Analysis in ecological perspective: Counting Process Models

In developing stochastic process models of organizational foundings, the conceptual unit of analysis is obviously not the individual organization whose appearance is observed. Rather, the unit of analysis, the unit in which the foundings take place, is the population. Detailed information on foundings tells the times at which increments to the population take place. The data structure for analyzing foundings differs somewhat from the case for mortality analysis, in which the previous history of the individual organization can be taken into account. There is no previous history for a new organization. Thus, the range of relevant covariates in the analysis of founding rates includes only properties of the environment and of the population.

The situation is actually more complicated than just described. If one wishes to study the appearance of a new population, then the population cannot be the unit of analysis. In such cases, the larger environment or social system is the relevant unit within which founding processes occur. Thus we can follow two approaches in empirical analysis: (1) treat the social environment as the unit and analyze the timing of first and subsequent foundings of each type of organization; and (2) condition on the appearance of the first organization of a type and analyze the timing of subsequent foundings within the population (see also Amburgey 1986). The first approach, which we call system-level analysis, is the natural one for addressing questions pertaining to the rise of new kinds of variability. The second, which we call population analysis, is the natural one for analyzing effects of composition of the population of founding rates.

For both kinds of analysis the state space of the stochastic process is the set of non-negative integers that count the number of foundings.

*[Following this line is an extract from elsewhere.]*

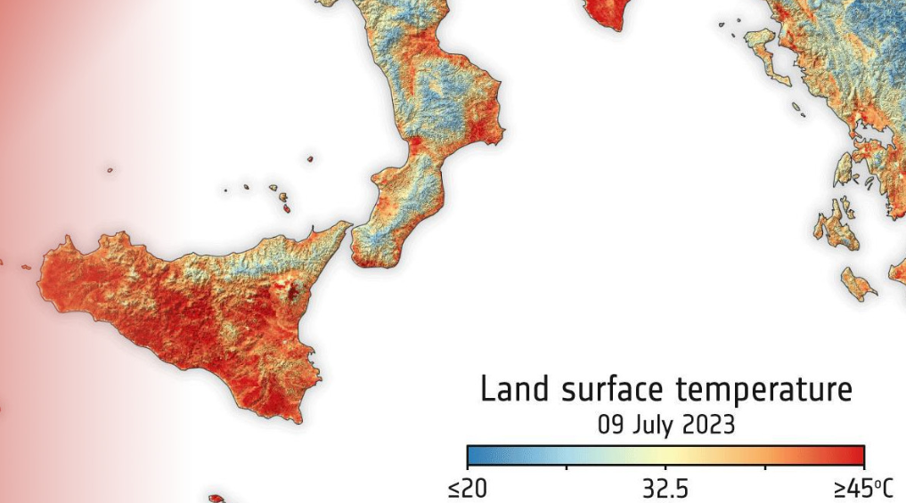 La dimostrazione è arrivata da una animazione della missione Sentinel-3 del programma di osservazione satellitare della Terra Copernicus, gestita dall’Agenzia Spaziale Europea (Esa) e dalla Commissione Ue. Rilevata la stessa temperatura al suolo anche in Puglia.

The cumulative number of foundings observed by historical time t, denoted by Bt, is assumed to be a nondecreasing stochastic process that possesses the property of regularity (no more than one founding in any instant).

One of the things that differs for these two forms of analysis is the nature of the time index of the stochastic process. In population analysis, which conditions on the time of the first founding, the starting time of the process is nonarbitrary; the duration until the “first” event (which is really the founding of the second organization) has direct substantive interpretation. But how do we assign a starting time of the process in the case of system- level analysis? For example, at what point does the United States become meaningfully “at risk” of giving rise to the first national labor union? Any answer to this question seems at least partly arbitrary. Luckily, the situation is not always so complicated. For example, in the case of semiconductor manufacturers (or any other kind of firm whose form is defined in terms of a particular product or process), it is meaningful to assume that the invention of the technology for producing semiconductors begins the process. The length of time from invention (or perhaps licensing) of the product or process until the first founding of an organization specialized to using it is a substantively meaningful quantity.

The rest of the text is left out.